Sunday, March 20, 2011

Why I love Sarah Palin

I love Sarah Palin. There, I’ve said it. While I’ve never met her, that is beside the point.

What is right on point however is why I love her. Sarah Palin bleeds American. She is not American simply because of an accident of birth. Rather, she understands what makes America different; she believes that America is exceptional and knows what makes it so; she is passionately pro-American without being jingoistic; she is willing to fight for what she believes regardless of who’s lined up against her; she is willing to put her credibility and reputation on the line to help others who share her views. Finally, and perhaps most importantly, she is a normal, average, regular person.

Sarah Palin did not grow up rich or attend an Ivy League school. She did not spend her life in a courtroom extorting money from corporations or small businesses. She did not spend her life in an ivory tower or in an editorial room pontificating about how the world works in some fantasy universe where government regulations make everyone pure and everything perfect in every circumstance. No, she has lived a fairly normal life, one you might call working class.

I remember back in ’88 or ’92 someone asked George H.W. Bush if he knew the price of milk, and he didn’t. He was of course pilloried for being “out of touch” with the common man. (Frankly it doesn’t bother me at all that the VP or President of the United States doesn’t know the price of milk… let someone else buy the milk, I’d rather him focus on knowing how much of our money government is wasting!) Sarah Palin probably knows the price of a gallon of milk. More importantly, she understands America from where the tire hits the road. She started out her political career at the PTA because she wanted to improve the education her children were getting. From there she spent four years on the Wasilla city council and six years as mayor. Next she was appointed to chair the Alaska Oil and Gas Conservation Commission and later defeated the incumbent to become the Governor of Alaska. In every one of those endeavors Palin showed herself to be not only capable, but effective and successful as well. Indeed, the latter two positions found her fighting an Alaska version of Tammany Hall.

She has demonstrated a willingness to fight for what she believes in, even if it is within her own party. She defeated the Murkowski machine in Alaska and she stood side by side with tea party candidates across the country in 2010, often against the wishes of the entrenched GOP establishment. Christine O’Donnell may have been a flawed candidate, but at least the citizens of Delaware had a choice between two distinctly different paths rather than the choice between the liberal and more liberal paths they would have had with Chris Coons and Mike Castle.
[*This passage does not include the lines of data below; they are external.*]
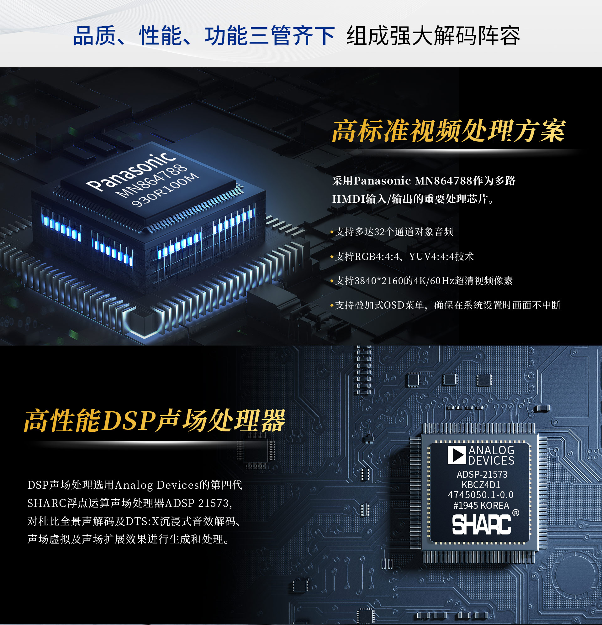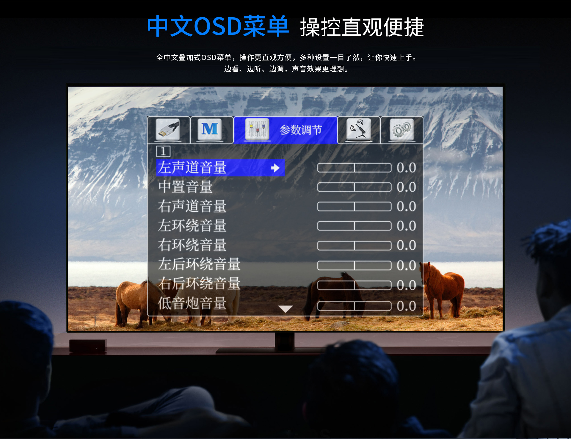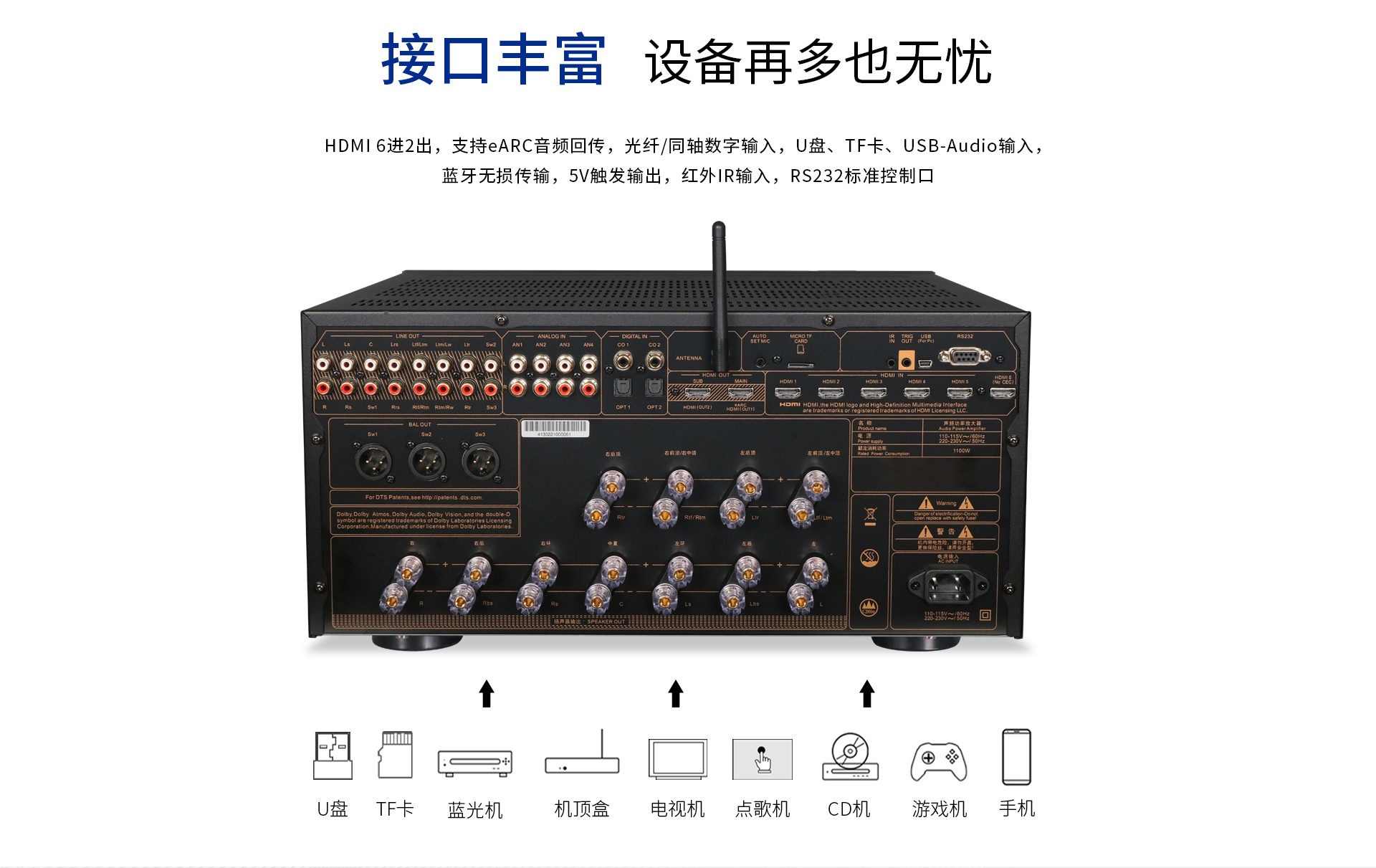 一、功能概述1. 支持Dolby Atmos、Dolby True -HD及向下兼容所有杜比音頻編碼文件; 2. 支持DTS:X、DTS-Master及向下兼容所有DTS音頻編碼文件; 3. 支持HDMI2.1,支持HDCP2.2; 4. 支持4K/60Hz,RGB 4:4:4,18GHz全帶寬高清視頻信號; 5. 支持Dolby Vision及HDR 10高清視頻信號; 6. 支持7.3.6或9.3.4信號輸出,可獨(dú)立做前級解碼接駁后級功放,及3只低音炮; 7. 總功率輸出高達(dá)1680W,適合20-60平米空間; 8. 采用智能動態(tài)功率設(shè)計,左、右、中置各聲道高達(dá)240W(8Ω)功率輸出,其它聲道120W(8Ω)強(qiáng)勁功率,共11路大功率Hi-Fi功放可直接驅(qū)動7.1.4聲道配置的揚(yáng)聲器; 9. 房間EQ揚(yáng)聲器距離、延時、聲壓的自動測試及補(bǔ)償,一鍵式操作,全自動校正,同時支持用戶手動調(diào)節(jié); 10. 內(nèi)置全球五大測試系統(tǒng)之——ETQ房間聲學(xué)自動測試校正軟件; 11. 內(nèi)置藍(lán)牙數(shù)字音頻接收器; 12. 內(nèi)置高品質(zhì)音樂播放器,支持TF卡及U盤音頻文件播放,支持FLAC、APE、WAV、MP3等多種無損及有損壓縮音頻格式,支持多層文件夾管理; 13. 支持手機(jī)APP操作; 14. 支持全中文疊加式OSD屏幕顯示菜單; 15. 支持本地音樂信息手機(jī)及電視可同步讀取顯示; 16. 支持從2.0聲道到9.1.4聲道等10多種揚(yáng)聲器配置 17. 支持HDMI 6進(jìn)2出,2組同軸2組光纖數(shù)字音頻輸入,4組模擬音頻輸入; 18. 支持RS232集中控制器; 19. 支持HDMI eARC增強(qiáng)型音頻回傳,支持CEC控制; 20. 支持高達(dá)1000ms時長的唇音同步調(diào)節(jié); 21. 每聲道多達(dá)5~11段參數(shù)EQ; 22. 支持音視頻編組輸出; 23. 選用美國ADI最新一代雙核DSP處理器; 24. 支持按輸入源獨(dú)立設(shè)置及保存參數(shù)的功能。輸入源獨(dú)立EQ選擇,獨(dú)立音量調(diào)節(jié)記憶;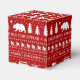 California Christmas Gift Box. Green and white knitted sweater style holiday pattern with California state bear, cute cars, reindeer, and a dog riding a skateboard. A California Christmas: Love, Joy, Peace, Sunshine. Original Xmas gift package for Californians.
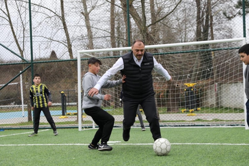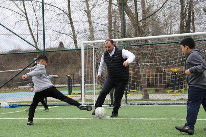 Sakarya Valisi Çetin Oktay Kaldırım, Hendek ilçesinde halı sahada yarıyıl tatiline giren öğrencilerle futbol oynadı. Vali Kaldırım o anları sosyal medyasında paylaştı.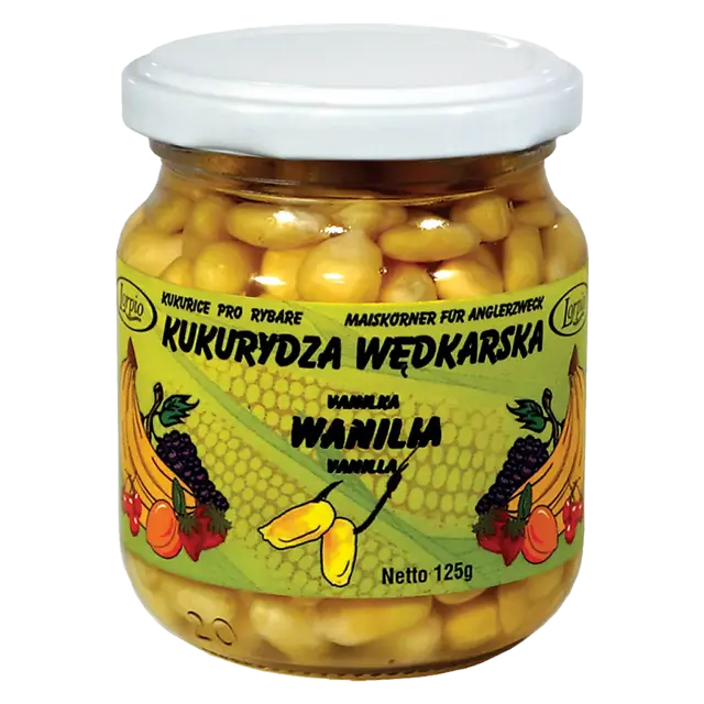 Lorpio Corn Flavoured In Juice 125 g Vanilla. Maiskorn i lake med forskjellige smaker til krokagn. Hele maiskjernen er med og sørger for at agnet ditt sitter godt fast på kroken og lukter ekstra godt!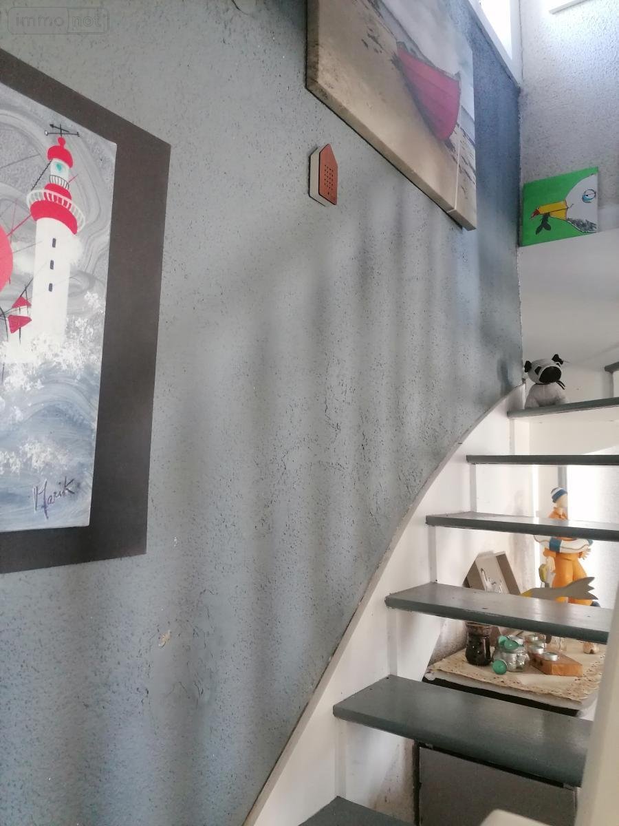 Maison d'habitation située au coeur de Plouescat composée en rdc d'une pièce de vie avec cuisine A/E ouverte sur le salon-séjour, un garage aménagé avec une salle de bain, WC et une baie vitrée donnant accès à un petit extérieur; A l'étage, un palier desservant 2 chambres, une salle d'eau avec WC; Au grenier, une pièce aménagée en chambre.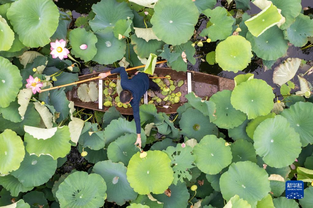 7月19日,在南縣華閣鎮光復漁村,村民在采收蓮蓬(無人機照片)。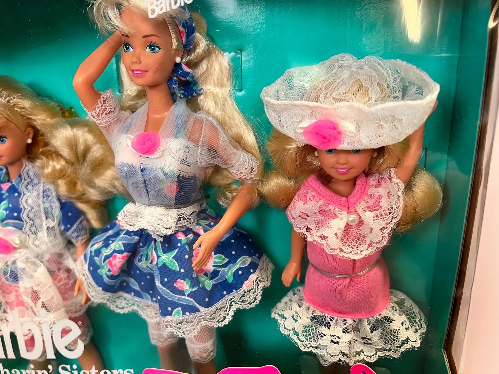 Vintage Barbie Sharin’ Sisters, Barbie Skipper Stacie set, Mattel collectible dolls, NRFB Barbie set, 90s Barbie family dolls, vintage Barbie trio, sealed Barbie set, retro toy collectible, nostalgic Barbie lot, display dolls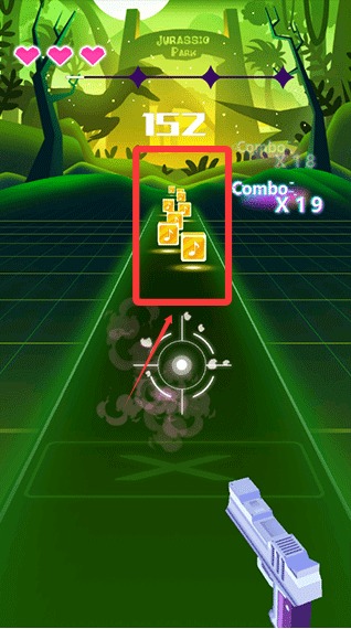 1、进入关卡后,节拍线上将出现弹幕环环相扣,需在音符到达中央区时左右滑动,触发精准射击以获取连击积分。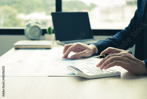 The hand of businessman sit at their desks and calculate financial graphs showing results about their investments, plan a successful business growth process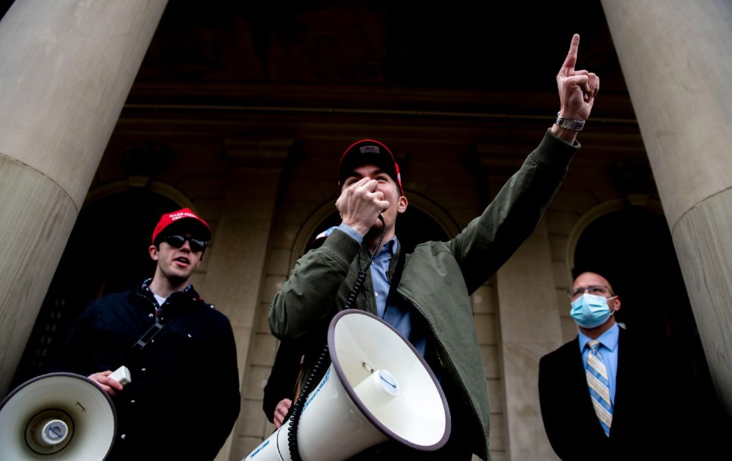 White nationalist Nick Fuentes speaks during a rally at the Capitol in Lansing, Michigan, November 2020.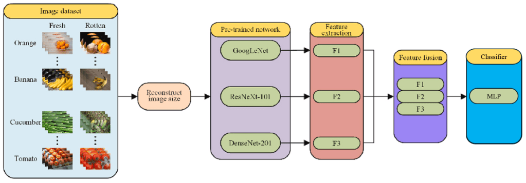 The architecture applied to all three freshness detection models is identical. Specifically, for the same food ingredient image, three pre-trained and fine-tuned Convolutional Neural Networks—DenseNet, GoogleNet, and ResNext—extract features of dimensions 1,024, 1,024, and 2,048 respectively. These features are then passed through individual MLPs to generate three 256-dimensional feature vectors. The vectors are concatenated to form a 768-dimensional feature, which is fed into a final MLP Classifier Network that outputs linear scores for each freshness class. Finally, the SoftMax Activation Function is applied to yield probability scores for each class, with the class having the highest probability selected as the final prediction result.

They may have chosen bigger government, but at least for a change they had a choice, and Sarah Palin helped give them one.

Sarah Palin is also average in another way. She is not polished – or at least she wasn’t when she burst upon the national stage. She is not slick. She does not have a sound bite sized answer at the ready in case she gets asked any questions. Just the opposite, actually, often you can see her crafting an answer on the spot. The interview with Katie Couric was indeed painful to watch. The truth however is that her less than stellar performance in that and other early interviews were not signs that she was a dolt as many suggested, but rather the consequence of being thrown onto the world’s biggest stage with the klieg lights on max. You might say she was… shell-shocked. Many people, including myself, wondered how she could not name a single newspaper she read regularly or give a coherent answer on the Middle East. Knowing the answers and delivering them in front of a world wide audience are two different things. (Example: say the alphabet using nouns to represent each letter: Apple, Barrel, Continent etc. Now imagine having to do it in 20 seconds in front of 1,000 people and your job rests on your success…) Her poor performance communicated more about her interview preparation than her qualification to be President. Indeed a week later she outperformed Joe Biden in their debate, and few lefties would argue he was unqualified to be President. Her early performances were those of someone whose persona was not forged in front of camera. I’ll take someone who is right on the issues but flubs an interview 10 times out of 10…

And the issues are where Sarah Palin shines. Like Ronald Reagan, she understands that government is the problem more often than the solution. She understands that low taxes and fiscal discipline are an absolute necessity as government has no money other than that which it takes from taxpayers. She understands that Barack Obama was right when he suggested the Constitution “Says what the states can’t do to you. Says what the federal government can’t do to you, but doesn’t say what the federal government or state government must do on your behalf…” The difference is that to Obama and the left, that’s the problem whereas Sarah Palin understands that that is why the Constitution exists in the first place. She understands that an unconstrained government will continue to grow and usurp powers until eventually it strangles the life out of its citizens and our republic.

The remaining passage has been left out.